Watch today’s White House press briefing with Sean Spicer

Watch today’s White House press briefing with Sean Spicer
Getty Images

White House press secretary Sean Spicer is scheduled to give a televised press briefing after speculation that he is on the outs with President Trump.

Spicer, a devout Catholic in the Trump administration, was excluded from meeting the pope during Trump’s recent visit to the Vatican. There have been rumors that Spicer will be replaced by Sara Huckabee Sanders, who led Monday’s briefing.

Spicer’s news conferences, while perhaps not as wild as the “SNL” Spicer skits with Melissa McCarthy, tend to garner a lot of attention, whether the White House is discussing “alternative facts” or trying to pedal away from potential impeachment discussions stemming from Russia’s interference in the 2016 election between President Trump and former Secretary of State Hillary Clinton.

The White House press secretary gives the media daily briefings that you can watch live right here. The next briefing is scheduled for today at 2 p.m. 

Other scheduled events for the president, per the White House:

11 a.m. – President Trump meets with national security adviser H.R. McMaster

3 p.m. – President Trump meets with House and Senate leadership

4:30 p.m. – President Trump signs a bill

6:30 p.m. – President Trump has dinner with members of Congress

Trump has had a love-hate relationship with the press, even going so far as to ban news organizations like The New York Times and CNN from a briefing in February, which sent a “chilling” signal, experts said.

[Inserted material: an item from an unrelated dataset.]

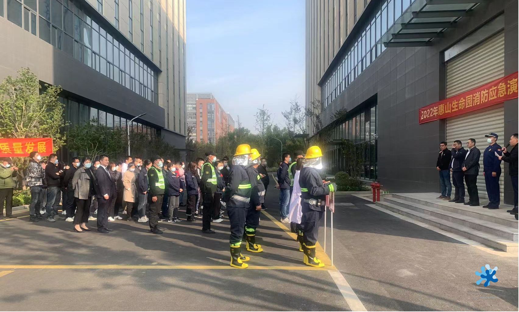 11月9日是第31個(gè)“全國(guó)消防日”,今年消防宣傳月的主題是“抓消防安全,保高質(zhì)量發(fā)展”;11月15日下午,惠山生命園2022年消防應(yīng)急演練在總部經(jīng)濟(jì)集聚區(qū)泛生子公司大樓西側(cè)廣場(chǎng)舉行,園區(qū)安全領(lǐng)導(dǎo)小組成員及企業(yè)安全員代表、泛生子生物員工、金科物業(yè)工作人員近100人參加演練,惠山經(jīng)開(kāi)區(qū)、惠山區(qū)消防救援大隊(duì)相關(guān)專(zhuān)家領(lǐng)導(dǎo)蒞臨給予現(xiàn)場(chǎng)指導(dǎo)。

“Never before has there been a clearer need for more students to consider going into politics and political journalism,” Heath Brown, an assistant professor of public policy at John Jay College and CUNY Graduate Center, told Metro at the time. “The democracy will be sustained during this period if younger people are brought into the political process rather than turned away. More opportunities, not fewer, should be provided for access to the White House, access to the president, including opportunities for younger people to meet and engage with the president on the issues they care about.”

Trump started his presidency by arguing about the crowd size at his inauguration in January and by announcing he was skipping the White House press dinner in February, where celebrities and journalists gather to hear a humorous speech by the sitting president.

“Daily Show” correspondent Hasan Minhaj held the honor at 2017’s White House Correspondents’ Association dinner and made a tremendous impression.